By 1974, the United States had clearly lost the war, yet it refused to bring its soldiers home and stop the atrocities. The Vietnamese mounted the Tet Offensive six years prior, a surprise mass attack using over 85,000 soldiers against the US invaders. The Vietnamese casualties were massive, but they created a powerful psychological effect on American morale for the war. The government tried to double and triple down, but this brilliantly coordinated attack showed that this was not a war to liberate the Vietnamese. The American presence was there to subjugate them; they wanted America out.

The title of this documentary comes from the colloquial saying referring to the way of winning support for a military effort. You must appeal to people’s emotions and logic. That is what the Vietnamese did in their ferocity and unwillingness to submit to their invaders. The hearts and minds of the American people and the young men being forced into battle were broken in the wake of this horrible war. The film presents many iconic moments that you’ve likely seen reproduced in still photos, images of true horror. I respect the unflinching manner in which the scenes are presented, emotion is raw, and people’s hearts are revealed. It is essential to hear the offensive words of national security advisers and General Westmoreland, the awful man that commanded the troops and was directly responsible for swaths of murder.

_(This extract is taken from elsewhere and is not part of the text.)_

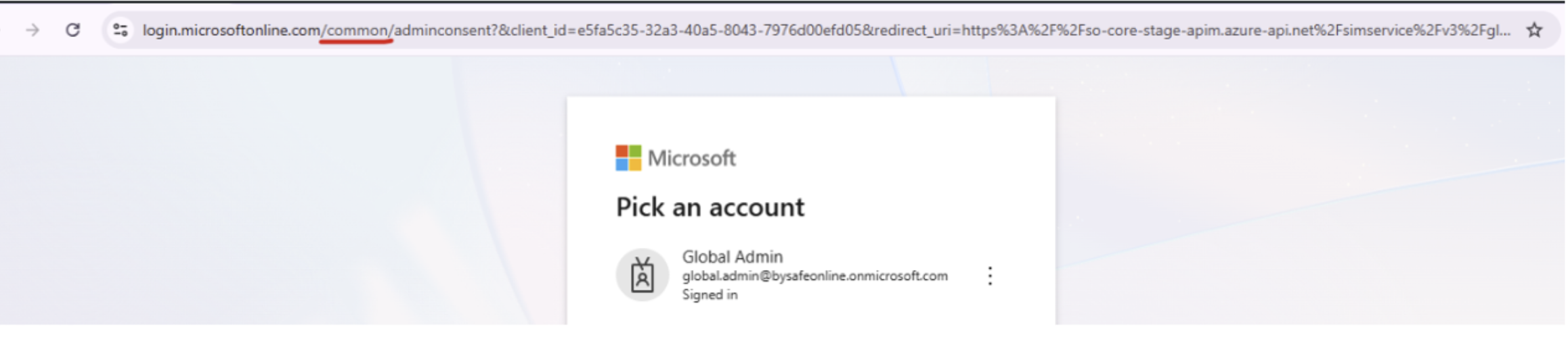- Global Admin updates the URL with tenant ID
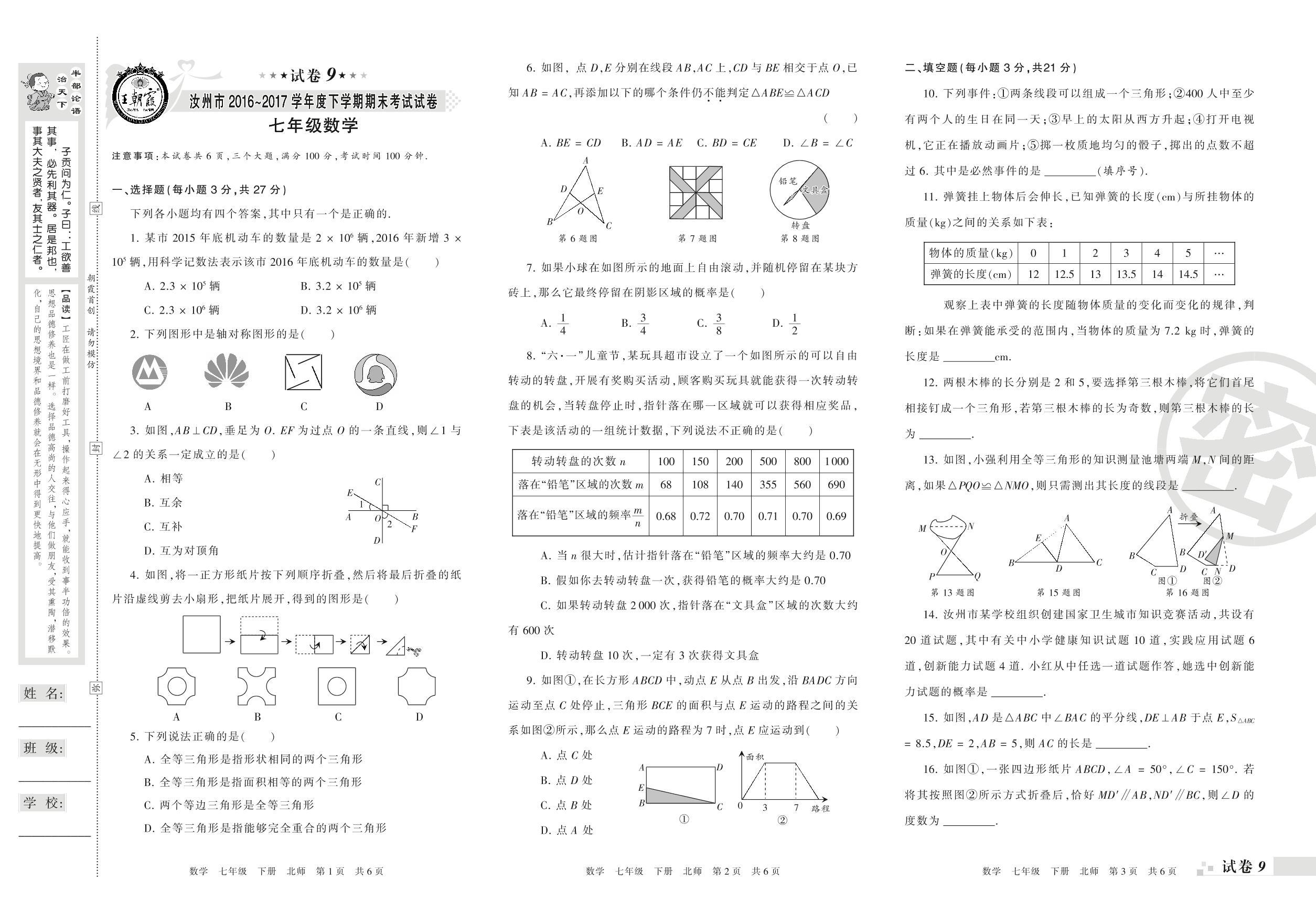 2016-2017学年第二学期汝州市七年级数学试卷(北师版)【9】

At the time of Hearts & Minds’ release, critics were divided. Roger Ebert, a film critic, often held up as a sympathetic liberal voice, sought to frame the picture as biased, not presenting a complete picture. I find that strange. I was incredibly moved by seeing footage of children running from their napalm-incinerated village, skin peeling off their backs. I broke down in heavy sobs as the camera showed more children clinging to their parent’s coffins and having all innocence and childhood stripped from them by the actions of the US military. This nonsense about “balanced” and “both sides” applies in some areas. In the realm of good & evil, invader & defender, in colonizer & colonized, there is no “both sides” for me. Everything the Vietnamese did was an act of self-defense, first against the French and then the United States.

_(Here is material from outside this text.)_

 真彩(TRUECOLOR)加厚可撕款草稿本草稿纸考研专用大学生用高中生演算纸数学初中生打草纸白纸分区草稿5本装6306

The documentary does present a side not convenient to the American narrative, the voices of the veterans. Over half a dozen young men are interviewed; some feel that what they did was justifiable, while others are profoundly broken over what they saw and what they did. There’s Capt. Randy Floyd, a pilot, who dropped napalm and bombs on villages. He shares how his physical distance from these acts shielded him at first. However, he began to wrestle with seeing the consequences of his actions in newspapers and television. Floyd came to see how he had been used by the military and the government to commit acts of evil, and even more beautifully, he speaks of how he looks at his own child and imagines them experiencing what he did to those Vietnamese children. This expansion of consciousness has been intentionally held back by institutions that need-blind hatred to keep their military functioning. People like Floyd and others who testified about the war crimes have been conveniently obscured and forgotten. They will never be mentioned in history books or CNN documentaries about the war.

Hearts & Minds is precisely what makes the very invention of filmmaking worth it. The ability to capture reality and share it with people who otherwise would never fully understand it is powerful. I find the American media landscape has adapted, though, and now we have oversaturation; money is thrown around like wild to drown streaming platforms in utter crap while tweaking the algorithm to keep documentaries like this tamped down. Netflix will release a seemingly challenging doc on some social justice issue but never really go deep with the idea or present ideas that directly conflict with American hegemony. The effort to hide Hearts & Minds shows how dangerous and vital these types of films can be. They expose evil, something that thrives when we’re too tired and distracted to notice.